### [ACTIVITY]
All that is needed is an exact copy of the lines from the beginning of the data below through the line containing "Dit Craft jack", minus the pictures.

### [EXTRACTED ENTRIES]

=======

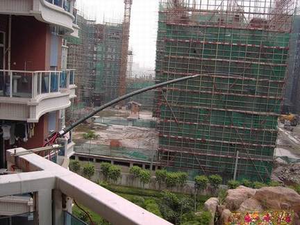 二.问:可不可以用2根10米长的渔杆挑起2根10米长的铜线, 分出角度,伸出阳台发射岂不省事?
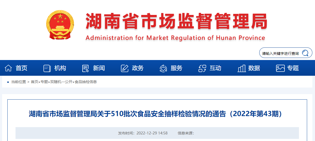 中國質(zhì)量新聞網(wǎng)訊 12月29日,湖南省市場監(jiān)督管理局網(wǎng)站發(fā)布關(guān)于510批次食品安全抽樣檢驗情況的通告(2022年第43期)。本期抽檢蔬菜制品、蜂產(chǎn)品、特殊膳食食品、食品添加劑等18大類食品510批次樣品。根據(jù)食品相關(guān)標(biāo)準(zhǔn)檢驗和判定,500批次樣品合格、10批次樣品不合格。
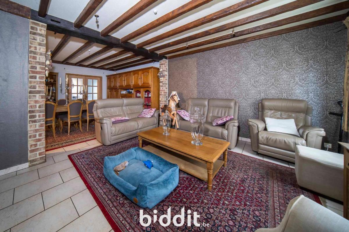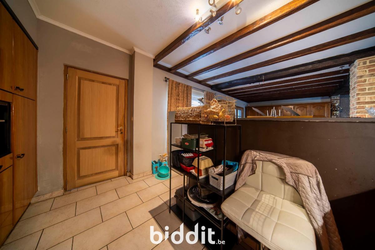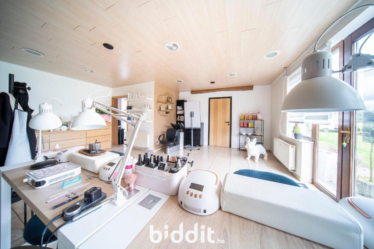 Gelijkvloers: inkomhal, living, eetplaats, keuken, veranda, 2 slaapkamers, badkamer met douche, lavabo, wc, aparte ruimte met veel mogelijkheden (momenteel ingericht als schoonheidssalon); Garage: Ruime tuin;
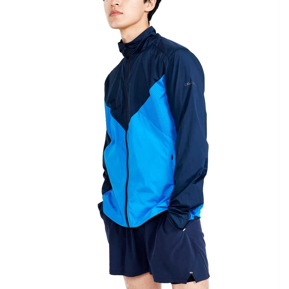 Dit Craft jack jack Adv Essence Wind blaze sharek voor heren is een winddicht en waterafstotend hardloopjack met een casual look.
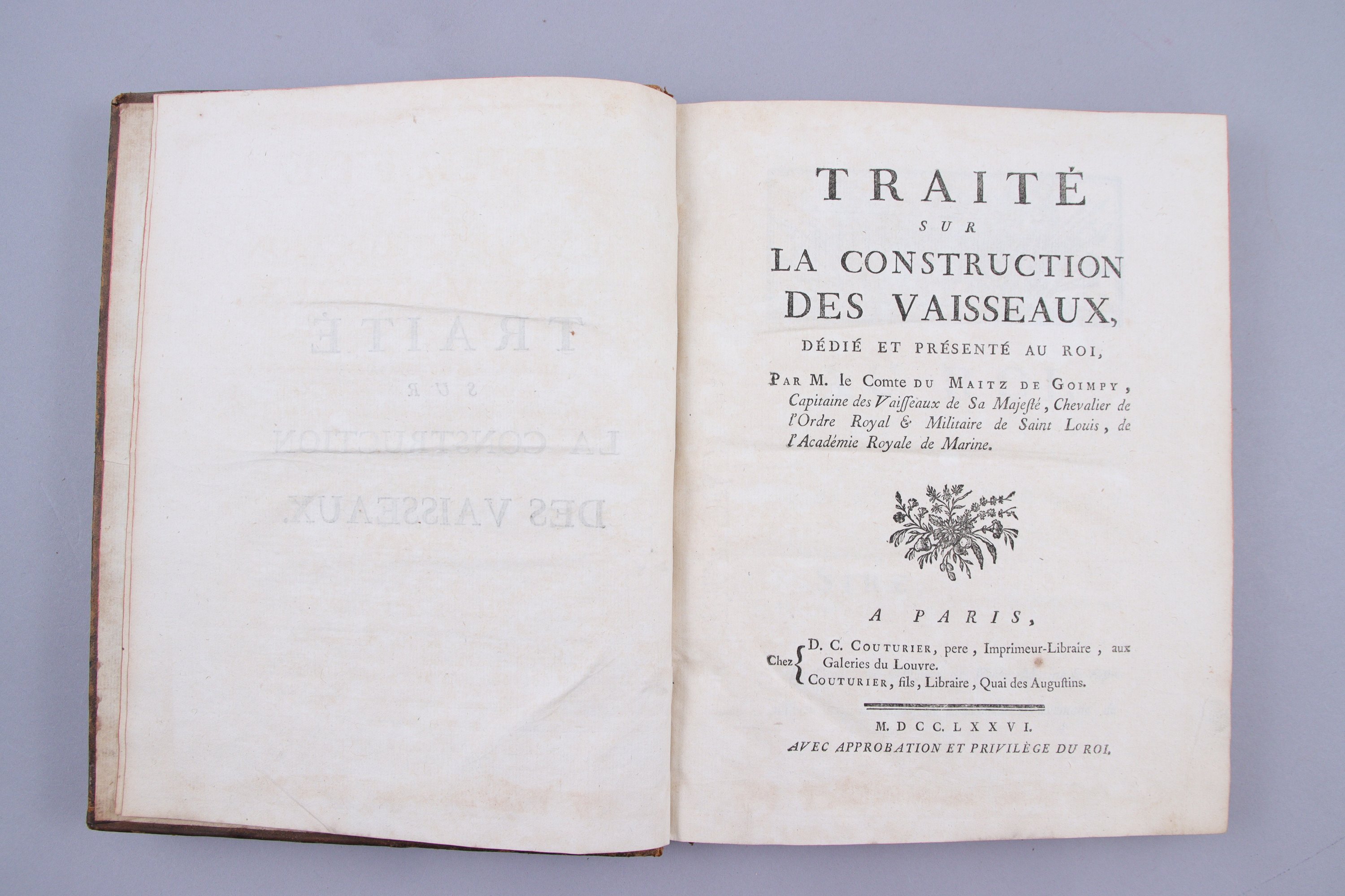 Traité sur la construction des vaisseaux dédié et présenté au Roi. Par M. le Comte du Maitz de Goimpy, capitaine des Vaisseaux de Sa Majesté, Chevalier de l'Ordre Royal et Militaire de Saint-Louis; de l'Académie Royale de Marine.. Paris, Couturier père et fils. 1776

=======

### [ANSWER AREA]
 二.问:可不可以用2根10米长的渔杆挑起2根10米长的铜线, 分出角度,伸出阳台发射岂不省事?
 中國質(zhì)量新聞網(wǎng)訊 12月29日,湖南省市場監(jiān)督管理局網(wǎng)站發(fā)布關(guān)于510批次食品安全抽樣檢驗情況的通告(2022年第43期)。本期抽檢蔬菜制品、蜂產(chǎn)品、特殊膳食食品、食品添加劑等18大類食品510批次樣品。根據(jù)食品相關(guān)標(biāo)準(zhǔn)檢驗和判定,500批次樣品合格、10批次樣品不合格。
 Gelijkvloers: inkomhal, living, eetplaats, keuken, veranda, 2 slaapkamers, badkamer met douche, lavabo, wc, aparte ruimte met veel mogelijkheden (momenteel ingericht als schoonheidssalon); Garage: Ruime tuin;
 Dit Craft jack jack Adv Essence Wind blaze sharek voor heren is een winddicht en waterafstotend hardloopjack met een casual look.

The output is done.